## What this task involves:
Once you find the line containing "Dipp Matgrupp 180" in the data below, copy it and each following line exactly, up to and including the line containing "ミッキーの顔やタッチが特徴的", and nothing else.

## Data for this task:
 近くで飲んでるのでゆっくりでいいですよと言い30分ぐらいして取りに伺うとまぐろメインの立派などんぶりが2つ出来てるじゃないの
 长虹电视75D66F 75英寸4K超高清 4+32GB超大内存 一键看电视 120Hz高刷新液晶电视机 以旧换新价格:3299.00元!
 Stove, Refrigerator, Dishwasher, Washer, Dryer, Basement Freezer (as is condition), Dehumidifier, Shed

==

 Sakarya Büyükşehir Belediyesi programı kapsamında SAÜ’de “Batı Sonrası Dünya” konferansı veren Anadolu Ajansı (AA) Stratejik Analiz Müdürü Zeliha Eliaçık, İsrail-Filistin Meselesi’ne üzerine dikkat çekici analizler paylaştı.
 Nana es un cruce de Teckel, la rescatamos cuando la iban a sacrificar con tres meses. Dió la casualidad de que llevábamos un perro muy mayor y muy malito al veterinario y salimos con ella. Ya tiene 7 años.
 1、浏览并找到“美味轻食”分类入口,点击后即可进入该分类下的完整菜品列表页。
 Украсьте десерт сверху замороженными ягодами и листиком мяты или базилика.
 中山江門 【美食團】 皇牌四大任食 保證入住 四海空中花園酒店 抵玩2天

==

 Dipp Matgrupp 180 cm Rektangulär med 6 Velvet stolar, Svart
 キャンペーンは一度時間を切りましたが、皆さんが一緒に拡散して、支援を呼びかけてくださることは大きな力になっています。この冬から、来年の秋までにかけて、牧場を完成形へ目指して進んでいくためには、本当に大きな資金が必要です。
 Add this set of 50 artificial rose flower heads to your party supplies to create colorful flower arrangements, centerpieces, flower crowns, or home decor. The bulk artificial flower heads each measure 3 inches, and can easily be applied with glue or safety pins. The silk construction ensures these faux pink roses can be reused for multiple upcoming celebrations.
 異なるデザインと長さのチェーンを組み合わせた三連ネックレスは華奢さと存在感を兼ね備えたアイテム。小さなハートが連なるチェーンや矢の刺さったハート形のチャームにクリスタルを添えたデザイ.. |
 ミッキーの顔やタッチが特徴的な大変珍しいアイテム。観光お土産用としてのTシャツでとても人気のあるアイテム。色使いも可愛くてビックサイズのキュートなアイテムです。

## Your response:
 Dipp Matgrupp 180 cm Rektangulär med 6 Velvet stolar, Svart
 キャンペーンは一度時間を切りましたが、皆さんが一緒に拡散して、支援を呼びかけてくださることは大きな力になっています。この冬から、来年の秋までにかけて、牧場を完成形へ目指して進んでいくためには、本当に大きな資金が必要です。
 Add this set of 50 artificial rose flower heads to your party supplies to create colorful flower arrangements, centerpieces, flower crowns, or home decor. The bulk artificial flower heads each measure 3 inches, and can easily be applied with glue or safety pins. The silk construction ensures these faux pink roses can be reused for multiple upcoming celebrations.
 異なるデザインと長さのチェーンを組み合わせた三連ネックレスは華奢さと存在感を兼ね備えたアイテム。小さなハートが連なるチェーンや矢の刺さったハート形のチャームにクリスタルを添えたデザイ.. |
 ミッキーの顔やタッチが特徴的な大変珍しいアイテム。観光お土産用としてのTシャツでとても人気のあるアイテム。色使いも可愛くてビックサイズのキュートなアイテムです。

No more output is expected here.